### [What needs to be done]
Below are some records. Return exactly their lines from the one containing "First FloorFamily Room:14x16Dining:10x11Kitchen:10x13Primary" through the one containing "- Design Features: Classic", and drop the pictures.

### [Excerpted data]
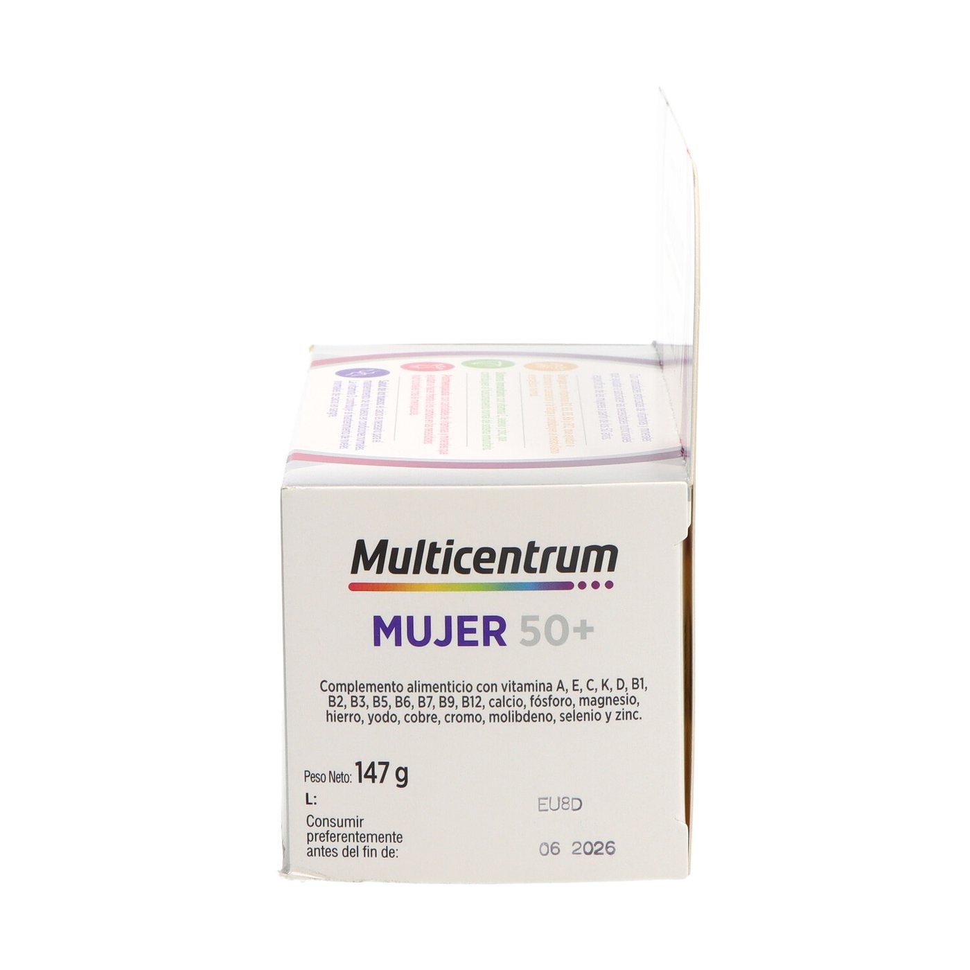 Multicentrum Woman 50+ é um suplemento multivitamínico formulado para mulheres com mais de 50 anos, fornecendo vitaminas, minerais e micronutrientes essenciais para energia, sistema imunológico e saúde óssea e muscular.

--

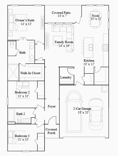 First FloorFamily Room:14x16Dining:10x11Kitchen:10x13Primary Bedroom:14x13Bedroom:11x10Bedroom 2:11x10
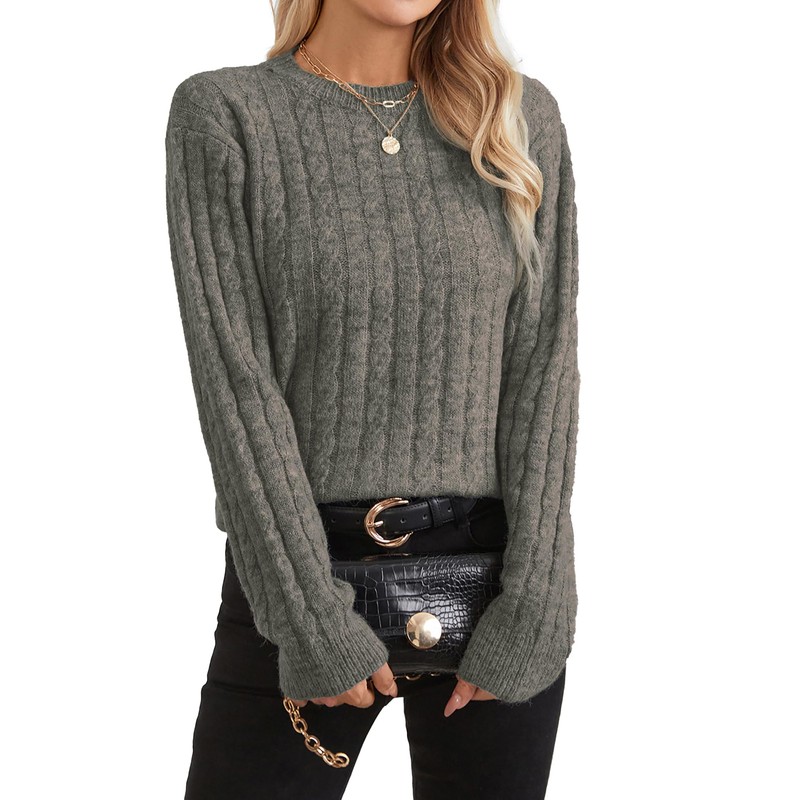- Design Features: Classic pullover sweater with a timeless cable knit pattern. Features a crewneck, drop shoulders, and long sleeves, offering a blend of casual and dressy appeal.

* * *

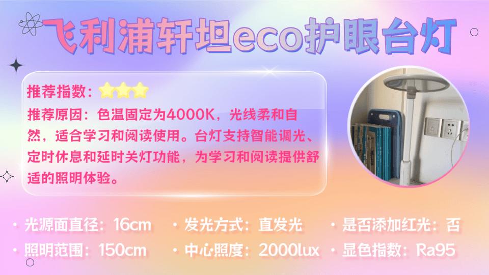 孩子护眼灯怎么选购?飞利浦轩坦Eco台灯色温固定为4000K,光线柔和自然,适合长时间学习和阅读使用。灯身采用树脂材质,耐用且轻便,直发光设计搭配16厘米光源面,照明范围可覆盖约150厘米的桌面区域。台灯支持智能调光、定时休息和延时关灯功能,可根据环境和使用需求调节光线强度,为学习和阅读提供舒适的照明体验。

### [Solution below]
 First FloorFamily Room:14x16Dining:10x11Kitchen:10x13Primary Bedroom:14x13Bedroom:11x10Bedroom 2:11x10
- Design Features: Classic pullover sweater with a timeless cable knit pattern. Features a crewneck, drop shoulders, and long sleeves, offering a blend of casual and dressy appeal.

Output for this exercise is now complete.